Most often when you hear about Perusall, you hear about it as a “social annotation tool.” According to a succinct definition from Vanier College in Quebec social annotation “involves commenting on a discourse in an online collaborative environment.” Many of us are familiar with this collaborative style from Google documents that allow multiple users to comment, but Perusall exists among several tools that are made specifically for social annotation and not word processing (including Hypothesis and Diigo). Perusall is also designed specifically for educational contexts, and provides instructors with an algorithmic grading tool. This means that the software rather than the teacher gives students a grade, using factors that the instructor may modulate.

I learned about the way Perusall assigns grades to students while attempting to help a faculty member set the tool up for class assignments.
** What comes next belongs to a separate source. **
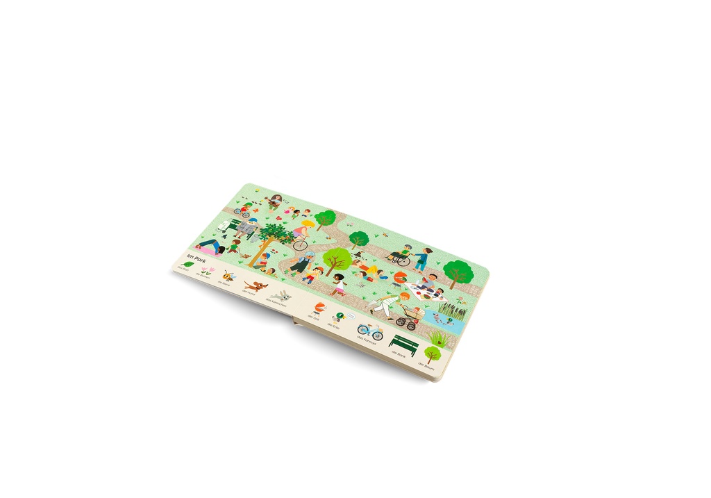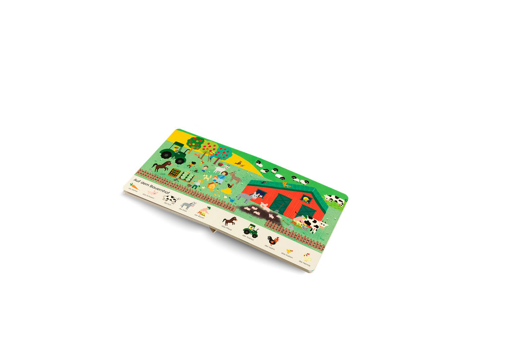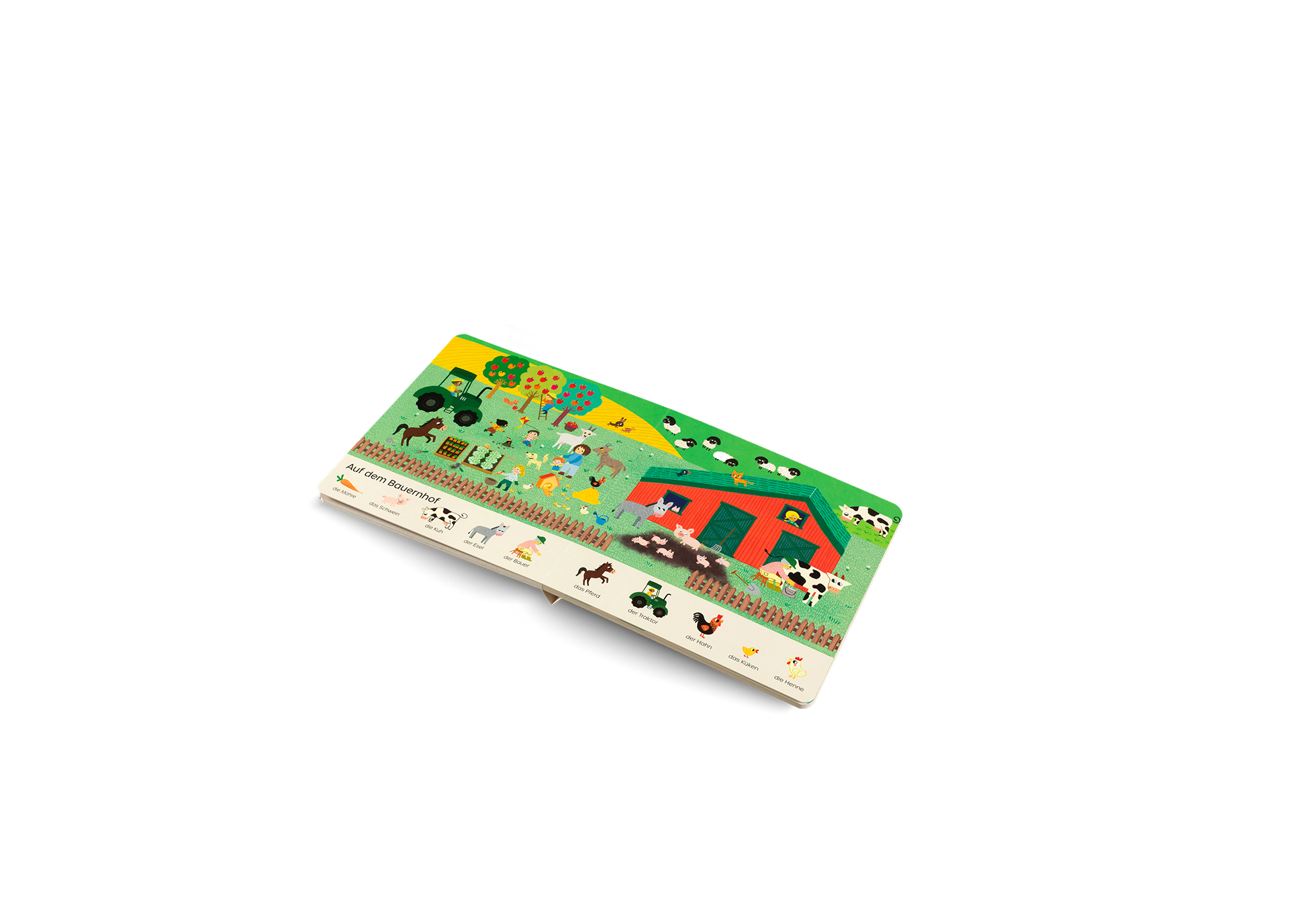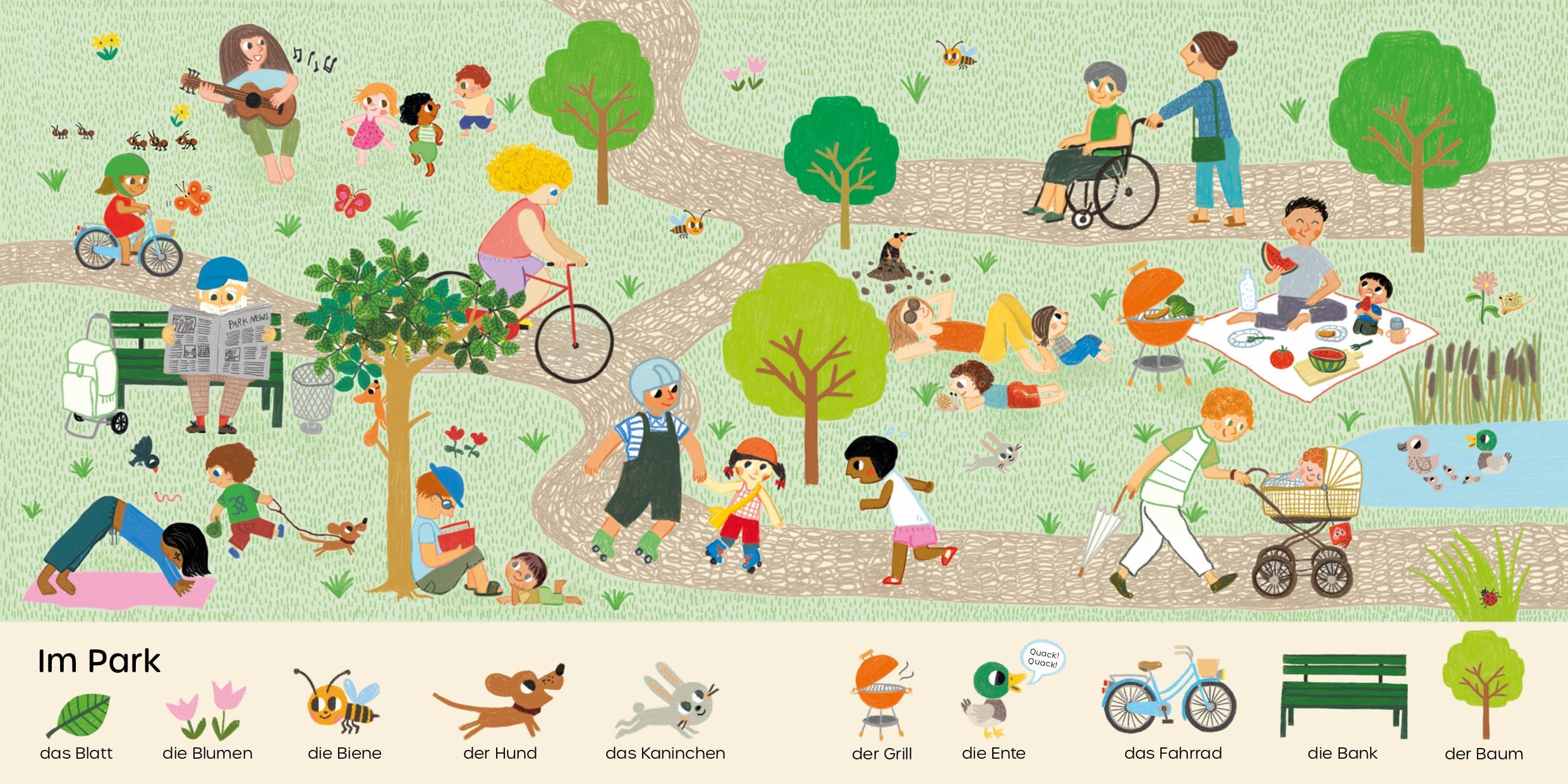 Was steht dort auf dem Esstisch und was ziehe ich heute an? Wem begegne ich auf dem Spielplatz und welche Tiere kenne ich schon im Tierpark? Zuhause, in der Kita oder draußen auf der Straße – überall gibt es so viel zu entdecken. In diesem Buch erkennen Kinder die Gegenstände aus ihrer täglichen Lebenswelt wieder und lernen spielerisch ihre Namen kennen. Farbenfroh illustrierte Szenen im Supermarkt, beim Kinderarzt, im Park oder im Kinderzimmer laden zum Ausdenken eigener Geschichten ein.

She, like many other instructors, was attempting to create an engaging, collaborative activity for her students to help them work through difficult texts. I can’t recall if she had planned to give students “participation points” or no grade at all, but we started looking at the instructor settings to see how she could view basic information like how many annotations each student had contributed. What we found was a surprisingly complex and not very forthright scoring algorithm provided the company. My first impression was that many of the scoring features might actually penalize students for neutral or positive habits, such as printing out a reading and coming back later to comment (this would reduce the total time spent viewing the document, one potential scoring metric). I found that other educators had noted the same problems. In a guide from Boston College’s Center for Teaching Excellence the author notes of the default grading settings that they “may inadvertently penalize students for positive behaviors.” It is troubling to say the least that we might use such a product (under the auspices of “time-saving”) that has such a capacity. The purpose of this post is to explain how algorithmic grading works in Perusall and to make a larger point about how edtech companies encourage us to withhold information about our expectations from students so that they will not learn how to “game” their product. This stance actively interrupts any efforts to create a classroom based on trust and transparency, let alone one where students can engage with materials in the way that works best for them. Let’s take a look at how scoring works in Perusall.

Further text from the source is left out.